■ Problem to solve ■
Once the line containing "Round ~ CHRISTMAS" is found in the records below, return it and each following line exactly, up to and including the line containing "Shop early for", and nothing else.

[Opening Given information section]

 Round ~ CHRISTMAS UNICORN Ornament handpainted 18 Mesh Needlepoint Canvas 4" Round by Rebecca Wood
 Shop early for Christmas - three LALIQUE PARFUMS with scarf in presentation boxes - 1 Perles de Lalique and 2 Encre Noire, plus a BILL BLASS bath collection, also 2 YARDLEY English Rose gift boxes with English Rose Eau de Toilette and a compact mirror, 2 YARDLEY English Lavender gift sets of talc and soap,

[Closing Given information section]
[Opening Given information section]

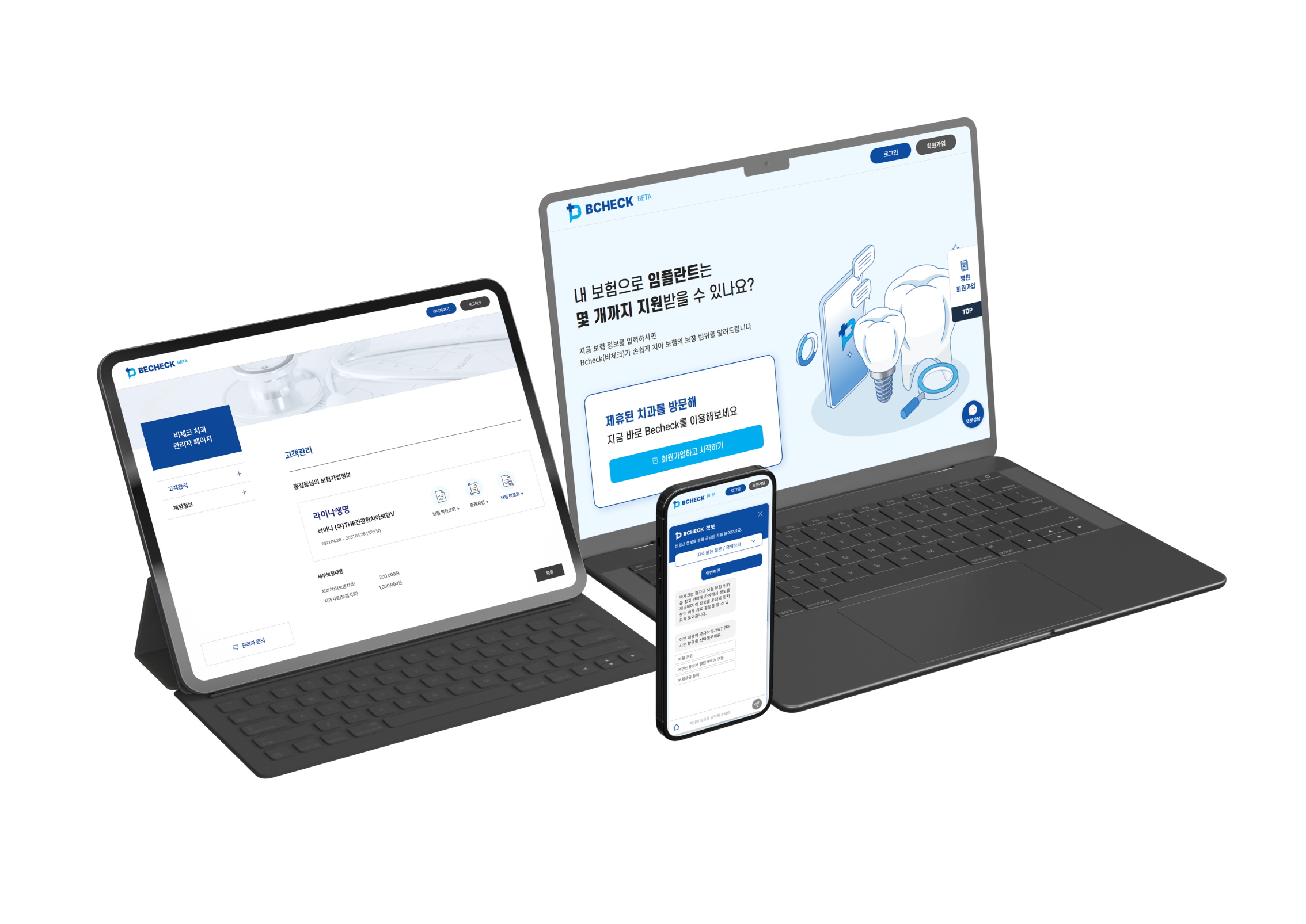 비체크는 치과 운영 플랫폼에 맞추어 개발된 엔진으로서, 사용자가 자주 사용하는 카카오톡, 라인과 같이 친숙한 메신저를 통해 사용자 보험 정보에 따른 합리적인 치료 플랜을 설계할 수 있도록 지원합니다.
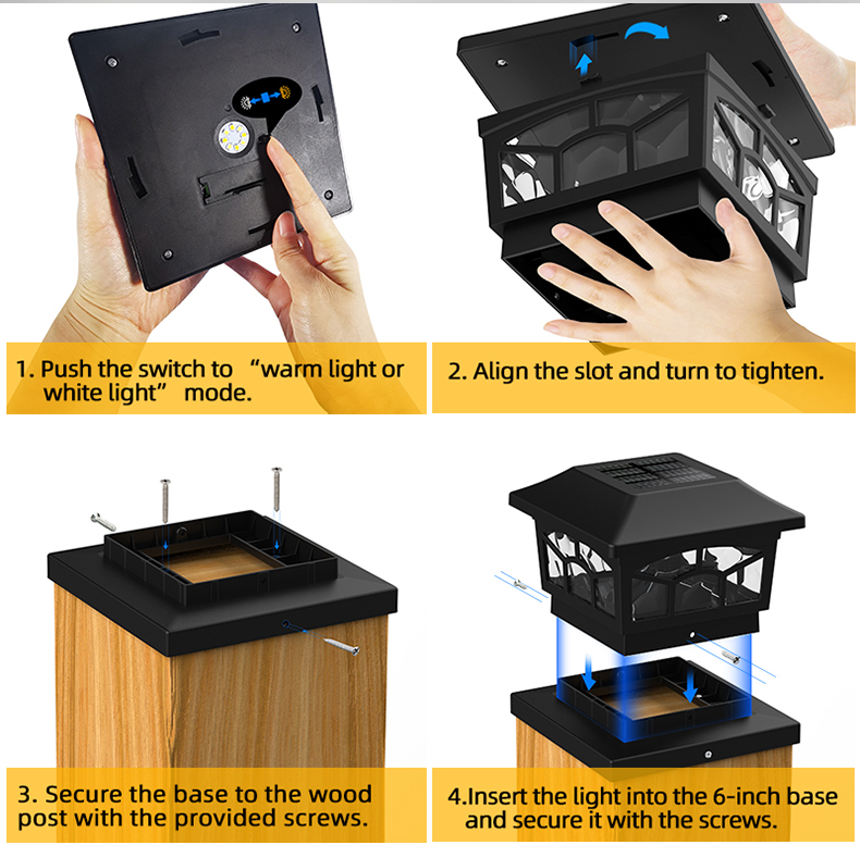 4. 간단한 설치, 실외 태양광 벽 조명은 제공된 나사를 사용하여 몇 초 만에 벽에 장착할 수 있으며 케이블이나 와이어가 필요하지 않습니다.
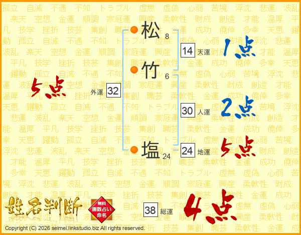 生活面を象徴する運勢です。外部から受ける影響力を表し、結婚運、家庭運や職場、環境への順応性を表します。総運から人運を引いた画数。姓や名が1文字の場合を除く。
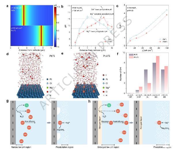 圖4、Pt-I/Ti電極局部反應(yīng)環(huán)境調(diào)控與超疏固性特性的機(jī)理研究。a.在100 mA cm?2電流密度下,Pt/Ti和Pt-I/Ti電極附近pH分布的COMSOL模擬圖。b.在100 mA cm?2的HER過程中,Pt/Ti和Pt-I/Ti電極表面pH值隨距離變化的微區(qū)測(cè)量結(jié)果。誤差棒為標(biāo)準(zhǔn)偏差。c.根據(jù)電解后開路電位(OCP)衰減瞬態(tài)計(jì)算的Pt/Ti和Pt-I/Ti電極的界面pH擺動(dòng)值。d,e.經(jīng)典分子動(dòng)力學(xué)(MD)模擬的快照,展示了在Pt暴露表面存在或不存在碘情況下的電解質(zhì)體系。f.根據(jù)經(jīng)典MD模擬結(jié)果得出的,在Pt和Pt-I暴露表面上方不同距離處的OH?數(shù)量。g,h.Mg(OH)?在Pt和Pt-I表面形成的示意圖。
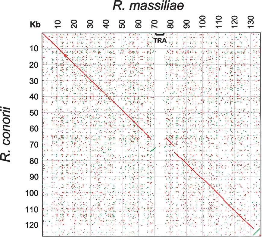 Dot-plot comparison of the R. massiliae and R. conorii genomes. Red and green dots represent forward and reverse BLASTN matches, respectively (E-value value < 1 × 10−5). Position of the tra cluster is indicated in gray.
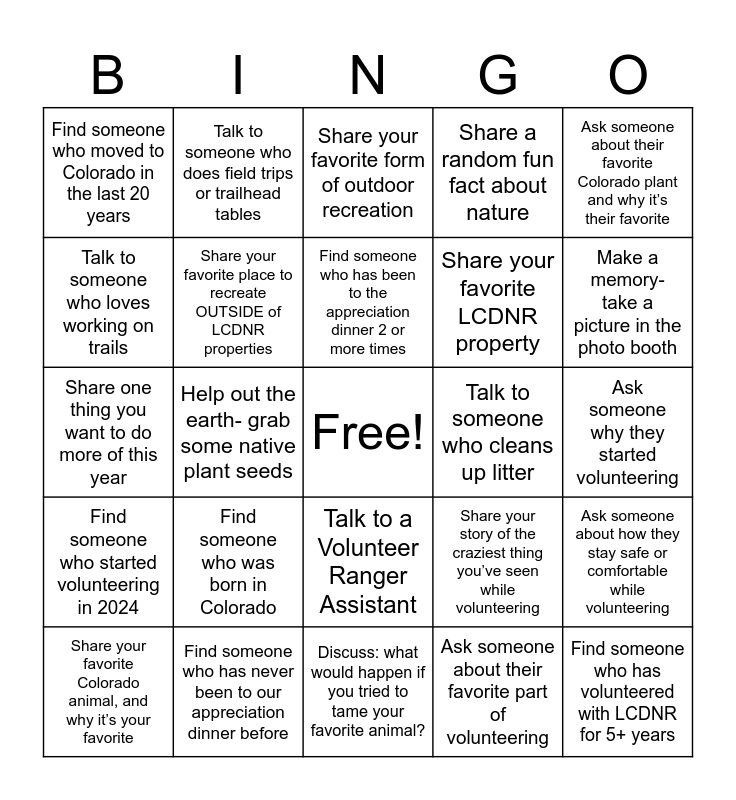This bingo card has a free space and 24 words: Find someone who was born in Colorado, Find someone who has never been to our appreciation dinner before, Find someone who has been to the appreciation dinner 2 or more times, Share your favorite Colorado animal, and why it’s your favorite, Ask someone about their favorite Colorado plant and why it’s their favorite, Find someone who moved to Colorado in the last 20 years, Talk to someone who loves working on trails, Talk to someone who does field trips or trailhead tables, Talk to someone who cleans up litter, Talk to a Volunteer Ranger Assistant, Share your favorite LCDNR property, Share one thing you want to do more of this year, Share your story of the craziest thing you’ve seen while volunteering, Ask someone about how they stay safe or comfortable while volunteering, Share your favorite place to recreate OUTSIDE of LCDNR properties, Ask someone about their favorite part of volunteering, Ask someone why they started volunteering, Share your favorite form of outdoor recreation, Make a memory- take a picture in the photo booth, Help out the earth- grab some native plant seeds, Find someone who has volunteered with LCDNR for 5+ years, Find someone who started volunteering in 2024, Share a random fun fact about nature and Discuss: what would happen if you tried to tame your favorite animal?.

[Closing Given information section]
[Opening Given information section]

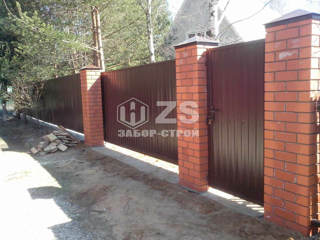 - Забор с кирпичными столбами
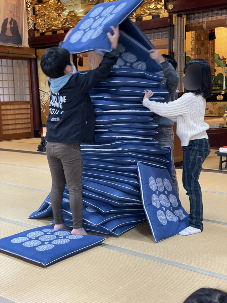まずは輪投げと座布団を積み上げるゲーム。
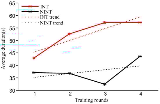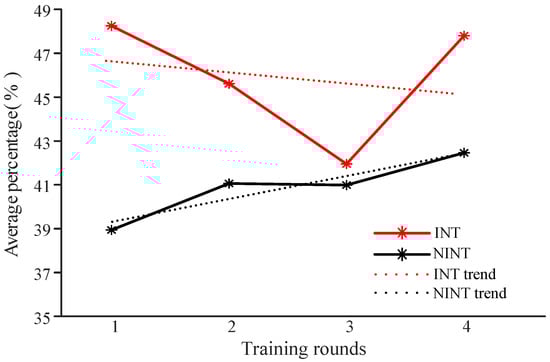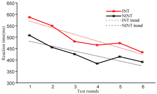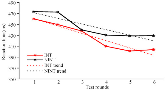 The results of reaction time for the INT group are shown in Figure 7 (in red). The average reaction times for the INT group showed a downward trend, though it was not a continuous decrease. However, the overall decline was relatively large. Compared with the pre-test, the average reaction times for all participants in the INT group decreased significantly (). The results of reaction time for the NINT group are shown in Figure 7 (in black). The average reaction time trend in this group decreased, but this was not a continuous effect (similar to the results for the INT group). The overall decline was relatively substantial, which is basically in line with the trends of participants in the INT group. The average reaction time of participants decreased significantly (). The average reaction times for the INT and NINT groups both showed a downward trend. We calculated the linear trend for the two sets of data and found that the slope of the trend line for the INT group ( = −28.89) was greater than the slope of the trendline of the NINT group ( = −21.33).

[Closing Given information section]

■ Written response ■
 Round ~ CHRISTMAS UNICORN Ornament handpainted 18 Mesh Needlepoint Canvas 4" Round by Rebecca Wood
 Shop early for Christmas - three LALIQUE PARFUMS with scarf in presentation boxes - 1 Perles de Lalique and 2 Encre Noire, plus a BILL BLASS bath collection, also 2 YARDLEY English Rose gift boxes with English Rose Eau de Toilette and a compact mirror, 2 YARDLEY English Lavender gift sets of talc and soap,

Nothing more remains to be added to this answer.